1974 – Challenge Cup ’74

1976 – Owo Udoji

Owo Tuntun

== Death ==
Omowura was killed in a bar room brawl on May 6, 1980 aged 47. He died from a cerebral haemorrhage after being struck on the head with a beer mug by Bayewu, his manager at the time. Bayewu was taken to court and sentenced to death a few years later. On the day he died, EMI Records recorded at least 50,000 copies sale on each of his albums.

== Legacy ==
Following the death of Omowura in 1980 and Haruna Ishola in 1983, the popularity of Apala music waned and has been largely replaced by Fuji music. New school Nigerian musicians, Terry Apala, Mayolee and Q-dot Alagbe have made music influenced by Omowura's style.

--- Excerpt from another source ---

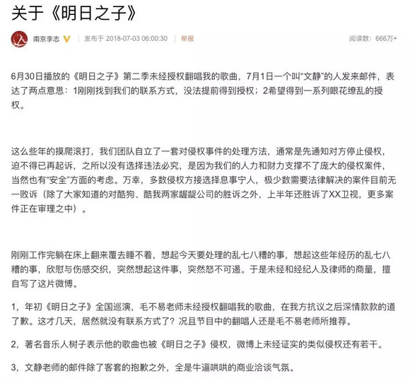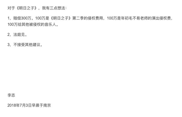 今日清晨,李志在微博撰写长文直指综艺节目《明日之子》第二季涉嫌侵权,其中选手邱虹凯演唱了李志的歌曲《天空之城》,该歌曲未曾得到李志方面的授权,且另外一个选手尹清也未拿到音乐人树子的授权演唱了歌曲《圆圈》,最终李志决定上诉《明日之子》并要求赔偿300万。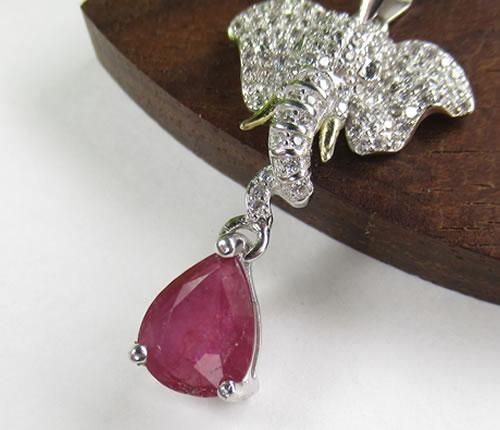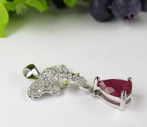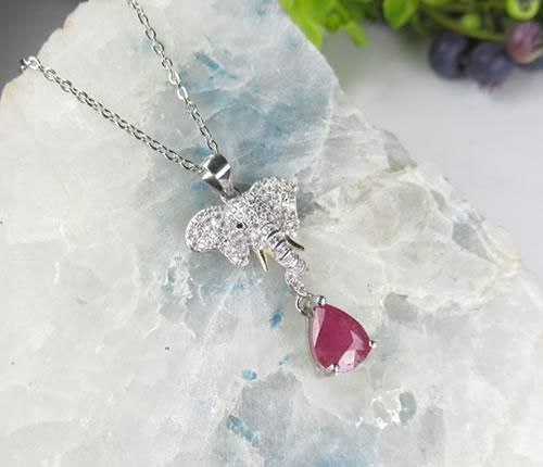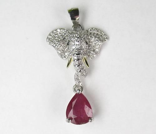 ルビー エレファント ペンダント シルバー925 ホワイト&イエロー14Kゴールドメッキ加工 j-rub005

Omowura's feud with Ayinde Barrister served as the foundation for the musical enmity between Barrister and Kollington as Kollington took on the form, and pattern of Omowura's music and also inherited Omowura's adversaries.

An album titled Anigilaje was released in his memory on the 40th year anniversary of his death. It was a collaborative effort by Oyetola Oniwide, a professor and radio presenter, Sefiu Alao, a Fuji musician and Halimat Omowura, Apala singer and Omowura's daughter. Omowura's 95-year old drummer played the drums on the 13-tracked project which was vocalised by Sefiu Alao.

Ibikunle Amosun, a former governor of Ogun State renovated Omowura's Itoko, Abeokuta residence in anticipation of the 40th year anniversary of his death.

Lawyer and journalist, Festus Adedayo published a biography titled Ayinla Omowura: Life and Times of an Apala Legend in 2020. When asked why Omowura remains relevant, Adedayo replied that “Ayinla has always had a cult following, even till now, many of his followers see his songs as evergreen. Till today, seldom would you find a musician who has his kind of lacerating lyrics. That lacuna cannot and has yet to be filled by any other musician.”

Director and producer, Tunde Kelani, also an Abeokuta native who as a child, caught a glimpse of Omowura in his neighbourhood, made a film eponymously titled Ayinla that was released on June 18, 2021.